GELL: Don’t join any Naruto Facebook events if you haven’t read the original manga

Jack Palmer Gell | The DailyER’s resident Naruto expert

On Facebook, there’s been an uptick in Naruto-related activities happening on my timeline. All my friends are “going” to some type of Naruto-style activity and it is making me sick. Whether it’s running off the Pedestrian Bridge like Naruto or running around a hurricane to stop its spin, this gross misinterpretation of Naruto has gone too far. I suggest that everyone stops using the iconography of Naruto for your own entertainment because you are completely disrespecting the original manga.

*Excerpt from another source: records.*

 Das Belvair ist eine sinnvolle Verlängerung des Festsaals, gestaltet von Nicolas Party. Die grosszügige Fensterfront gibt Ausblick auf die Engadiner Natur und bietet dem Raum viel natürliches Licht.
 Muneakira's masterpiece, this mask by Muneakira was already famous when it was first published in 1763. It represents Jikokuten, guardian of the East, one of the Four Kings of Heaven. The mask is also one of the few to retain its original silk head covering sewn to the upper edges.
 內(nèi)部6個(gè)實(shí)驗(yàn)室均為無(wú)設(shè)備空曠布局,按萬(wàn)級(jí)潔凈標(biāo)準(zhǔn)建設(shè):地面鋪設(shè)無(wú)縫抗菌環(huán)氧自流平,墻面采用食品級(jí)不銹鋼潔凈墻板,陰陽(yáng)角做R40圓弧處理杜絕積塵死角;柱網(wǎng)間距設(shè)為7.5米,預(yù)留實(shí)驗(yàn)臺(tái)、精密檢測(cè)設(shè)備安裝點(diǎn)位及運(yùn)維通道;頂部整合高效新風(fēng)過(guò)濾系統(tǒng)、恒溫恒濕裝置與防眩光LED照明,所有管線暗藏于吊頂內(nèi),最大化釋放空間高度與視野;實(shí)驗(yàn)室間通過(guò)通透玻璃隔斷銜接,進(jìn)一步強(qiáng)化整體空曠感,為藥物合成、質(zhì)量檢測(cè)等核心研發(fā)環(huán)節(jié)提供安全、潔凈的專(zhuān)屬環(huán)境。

Let’s start with this theme of running, a skill possessed by many ninjas in “Naruto.” In the original manga, Naruto is an amateurish, inept young ninja. He lacks necessary basic skills at first, and the only reason anyone takes him seriously is because he possesses the spirit of the nine-tailed fox, a monster with infinite strength. Even when Naruto becomes a good ninja, he’s never known for his running or stealth skills. He is clumsy and loud, so much better at combat fighting. Kakashi Sensei or even Sasuke are much better runners than Naruto. They’re much more grounded, technical ninjas, and if I were to jump across a bridge I would want to do it like those two, not Naruto. The mere calculation of this shows these events are inspired by mockery and not the original manga like they should.

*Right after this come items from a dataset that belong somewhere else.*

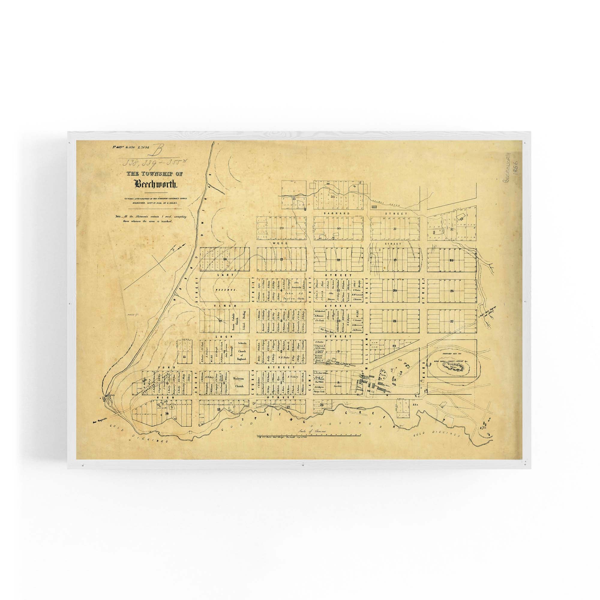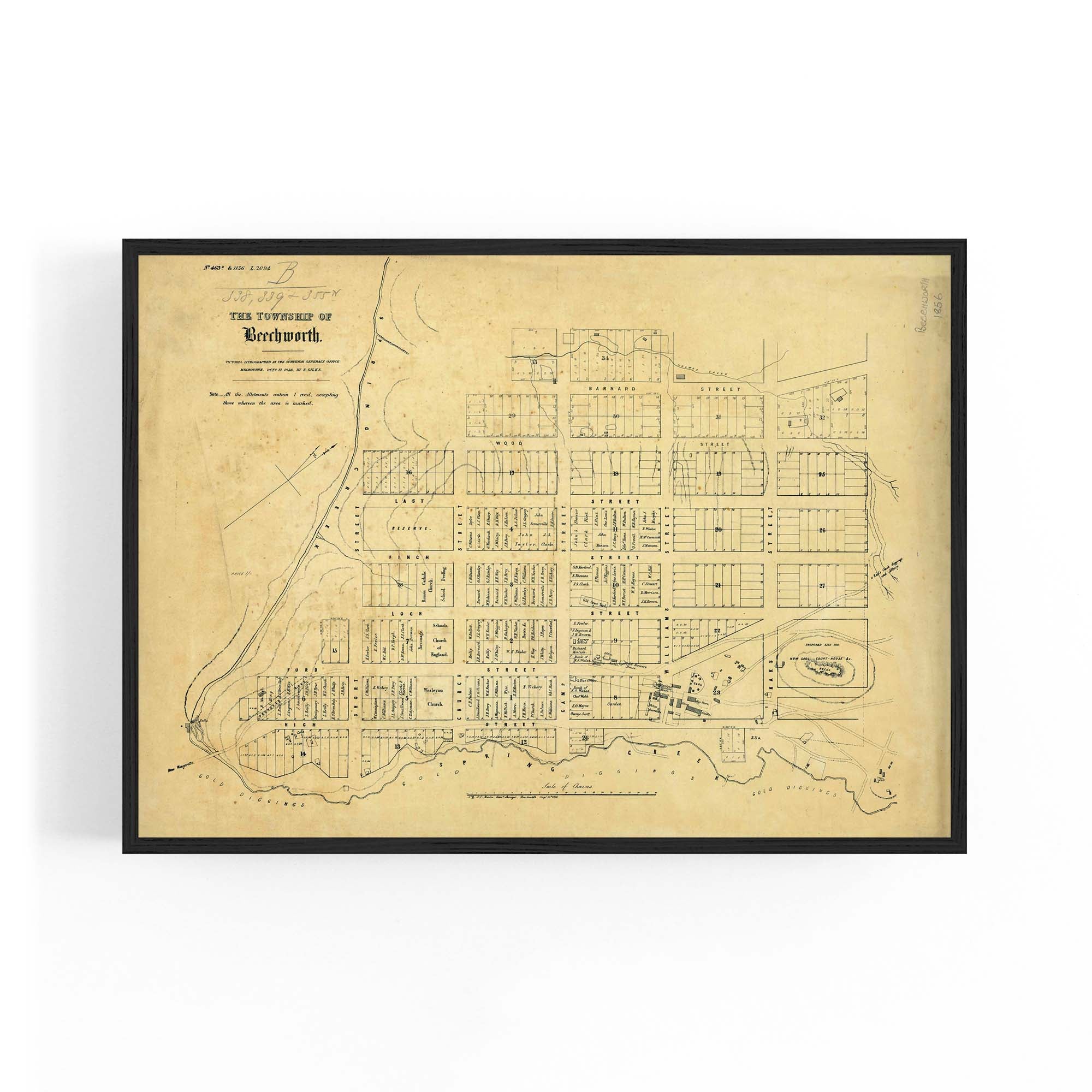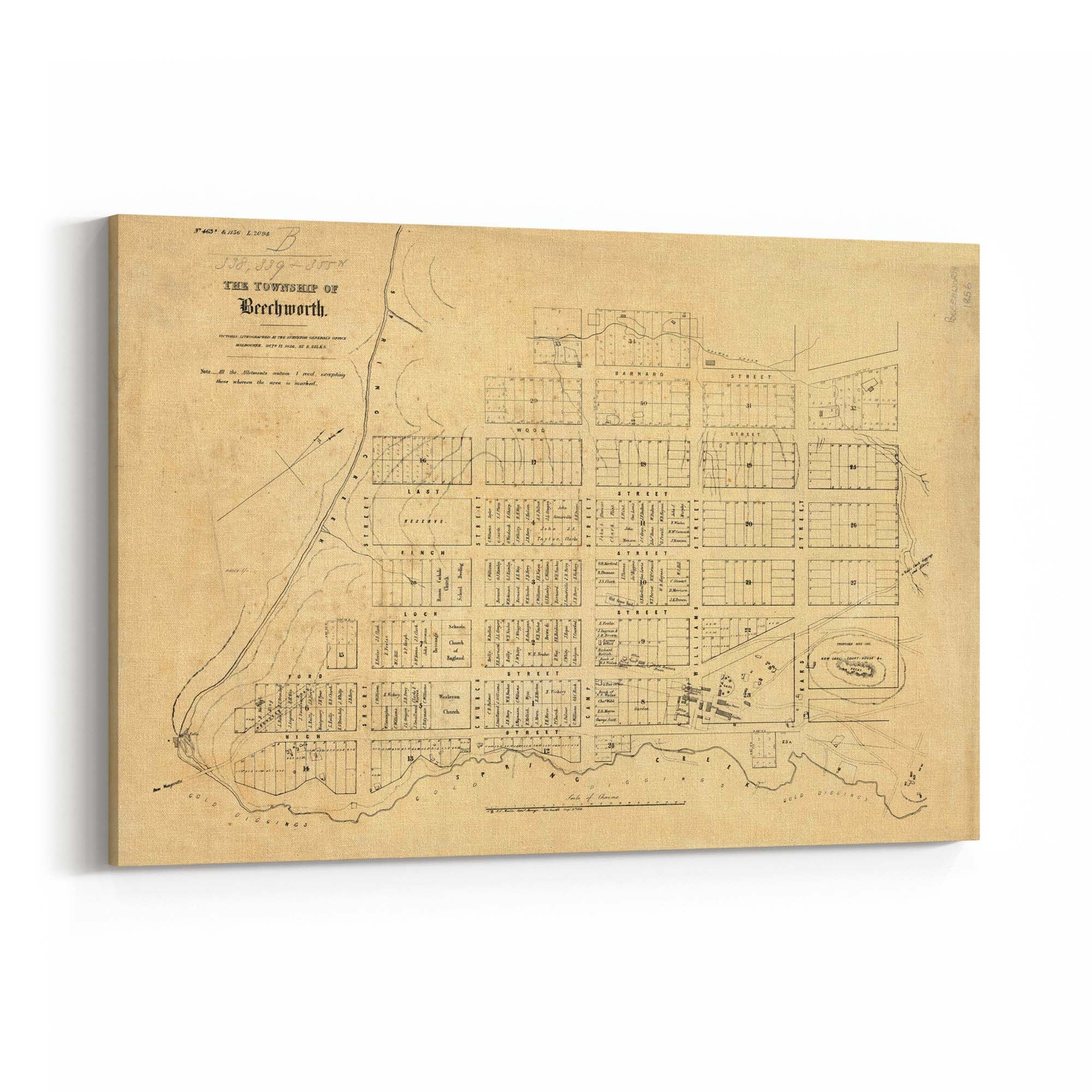 1856 Vintage Map of Beechworth, Victoria Australia
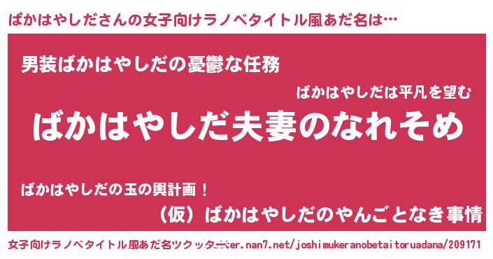 | 男性向けラノベタイトル風あだ名 | 『おまえをオタクにしてやるから、俺をばかはやしだにしてくれ! 』 |
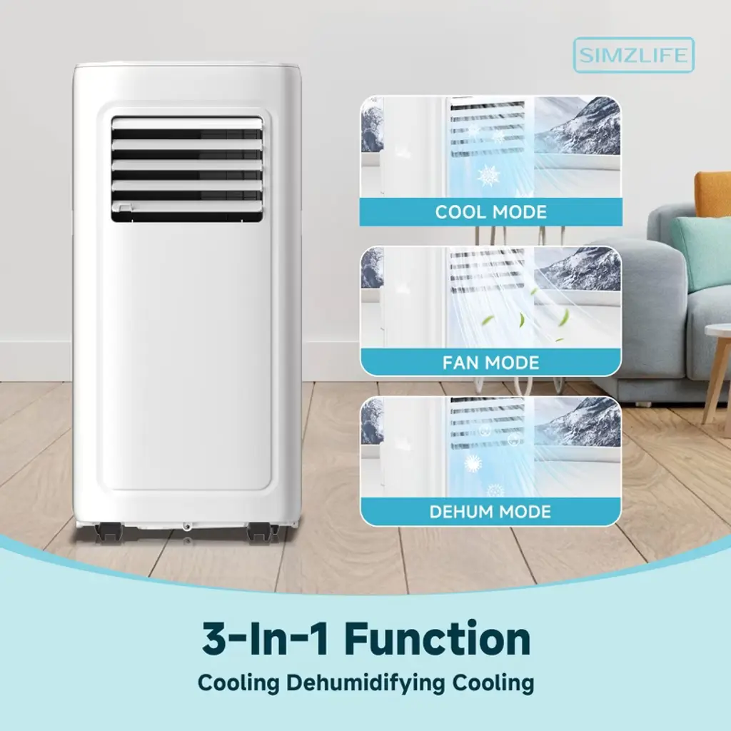 Simzlife Portable Air Conditioner 8000 Btu Ashrae , Dehumidifier, Fan,cool, 3 In 1 Ac With Remote Control

Also, the way Naruto is constructed in these events is often through misconstrued stereotypes influenced by the anime show. In the actions depicted in these Facebook events, Naruto is actually running while jumping, distinguished by him putting his arms behind his back.  In the original manga, Naruto and other ninjas use this skill while in the forest or on long journeys. Not in everyday life like on bridges, or in parks, or tunnels. Ninjas need to control their chakra levels in preparation for battle, and running this way all the time would diminish the strength they need for battle, even a rookie ninja like Naruto knows that.

It’s a shame really, because these events could have been fun. We all could have dressed up like Naruto and reenacted his infamous shadow clone jitsu, or could have done 1,000 Rock Lee kicks at some Confederate soldiers statue. But instead, these non-weebs decided to ignore the rich history of the Naruto universe and go with the stereotypical ninja traits that do not capture the thought-provoking ideas that the original Naruto mangas provide.

  • Wade Burkholder ,

    I think what is most clever about this article is the writer’s subtle ability to use this story as a metaphor for NFL players kneeling during the National Anthem. Gell is arguing that kneeling doesn’t do their noble cause justice, and that instead the players should reenact the Reaper Death Seal to summon the Shinigami to devour the soul of police brutality and seal it away.